Most regular arts page
readers will have heard of The Private Memoirs and Confessions of A
Justified Sinner, James Hogg's seminal nineteenth century Scottish
novel. This will be the case despite the fact that the book was
initially published anonymously, and was hugely neglected during
Hogg's lifetime. Only in the twentieth century was Hogg's finest work
pretty much rediscovered and given the classic status it so richly
deserves.
The same excavation of
unknown brilliance looks set to happen to Paul Bright, who, according
to director Stewart Laing and writer Pamela Carter, was an
avant-garde director who in 1987 staged dramatised extracts of Hogg's
novel in a set of site-specific performances at locations that
included Arthur's Seat. Now, along with actor George Anton and a
coterie of artists and film-makers, Laing's Untitled Projects company
in a co-production with the National Theatre of Scotland and Tramway
will look at Bright's all too brief moment in the spotlight before he
disappeared from view forever. Paul Bright's Confessions of A
Justified Sinner may take the form of a simple performance lecture,
but it raises serious questions about art, authenticity and
archiving.
In a rehearsal room,
Anton is talking us through some grainy Super 8 film footage of one
of the performances in which a group of men in period costume are
playing tennis. There is no soundtrack, and as some kind of argument
breaks out, it isn't clear what it's about. Whatever it is, there's a
guerilla style feel to both the performance and the footage that
resembles some of the early work of Derek Jarman. At one point, the
main protagonist stares straight at the camera, full of grim
determination to make his point. This is the Paul Bright Laing and
Carter want to capture.
“We've been talking
about adapting Justified Sinner for years,” says Carter, “and I
met George Anton by chance in a pub in London. He spotted that I was
reading Confessions of A Justified Sinner at the time, and started
talking to me about it. He was the one who connected us to Paul
Bright.”
Laing had been half
aware that some radical site-specific work was being made during his
own time directing at the Citizens theatre, which coincided with
Anton's time at the Citz.
“There was something
about the Citz in the late 80s that was like a ring-fenced
community,” Laing remembers. “We were all sitting down in the
Gorbals thinking that we were the only thing in Scottish theatre, and
it was only when George started talking about this production that I
realised that I wasn't at the centre of the world in the late 80s,
and that the centre of the world was somewhere else.”
Laing, Carter and Anton
pursued various forms of research, which, given that their subject
was around in a pre-digital age, wasn't easy. This raised issues of
how theatre is archived compared to the visual art world.
“I have a real
interest in the issue of archiving live performance,” says Laing.

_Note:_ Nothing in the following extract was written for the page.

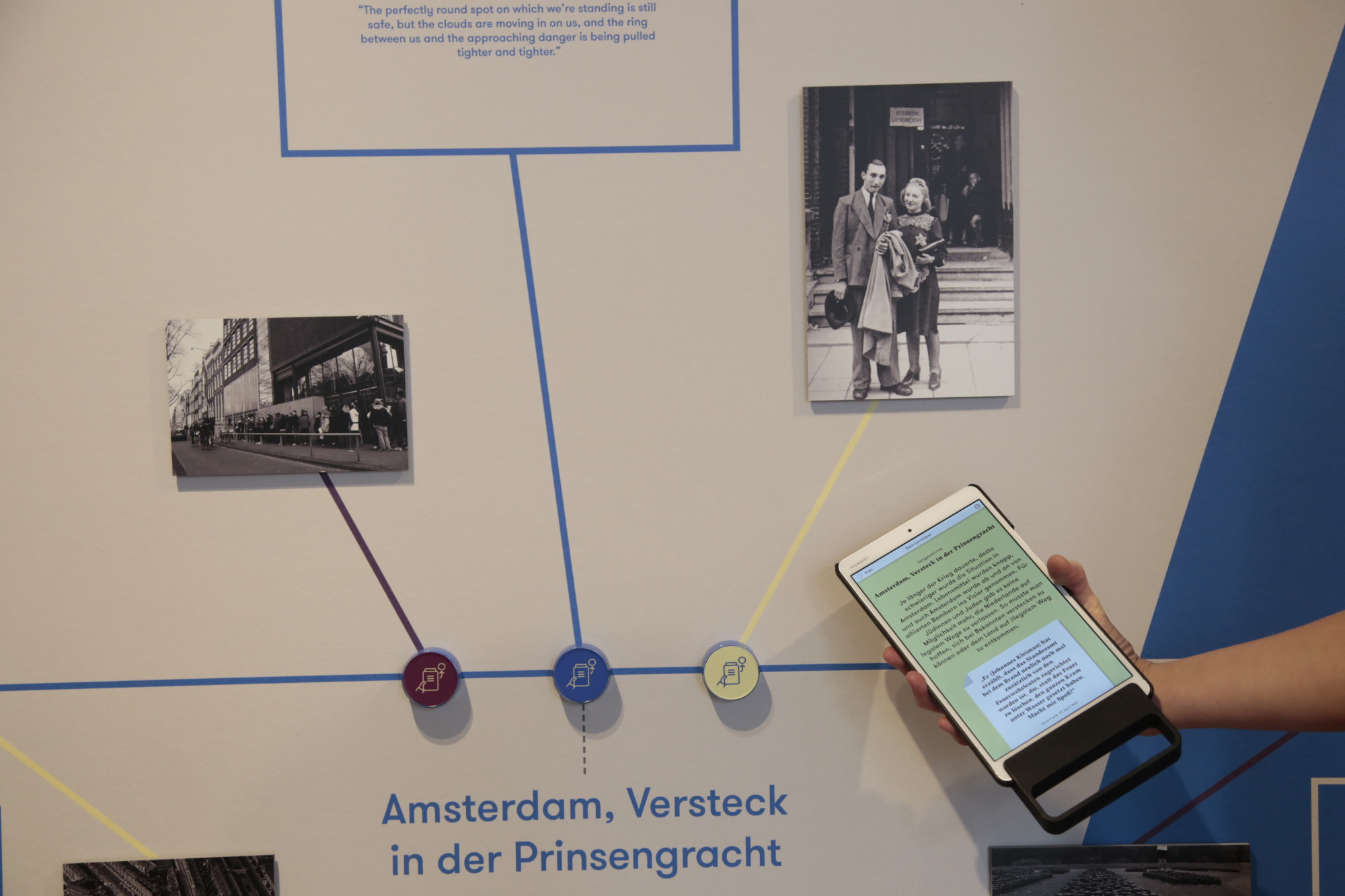 Im interaktiven Lernlabor haben Besucher:innen die Möglichkeit, sich aktiv mit den Themen Antisemitismus, Rassismus und Diskriminierung auseinanderzusetzen. Dabei können sie in die Geschichte von Anne Frank und ihrer Familie eintauchen, ihr Tagebuch erkunden und ihren Aufenthalt im Hinterhaus nachvollziehen.

“I spent some time looking through The Wooster Group's archive, and
(Wooster group artistic director) Liz LeCompte is obsessed with
archiving, because I think she has a sense of herself as a great
American artist, and I would agree with her on that. But it's about
how you maintain that once you're gone. Andy Warhol is a great
American artist, and there is this body of work, so I think that Liz
is very deliberately creating a legacy. When they did Brace Up, they
recorded every single rehearsal. There are three shelves of tapes
recorded on a camcorder, so if you're interested, you can go in and
watch, from the first day they sat down and talked about it, to every
single performance they ever did.”
There is no such
archive for Paul Bright's Confessions of A Justified Sinner, nor any
of Bright's work. According to Laing, Bright dropped out of view
shortly after the production, and as far as he is aware, never made
theatre again.
Laing and Carter's
piece is not just a homage to Bright. Their subject becomes a symbol
of how easy it is for radical artists unwilling or unable to play
industry games to drop out of view. Laing cites Buzz Goodbody, the
female theatre director who blazed a trail through the Royal
Shakespeare Company in the early 1970s, but is now barely known.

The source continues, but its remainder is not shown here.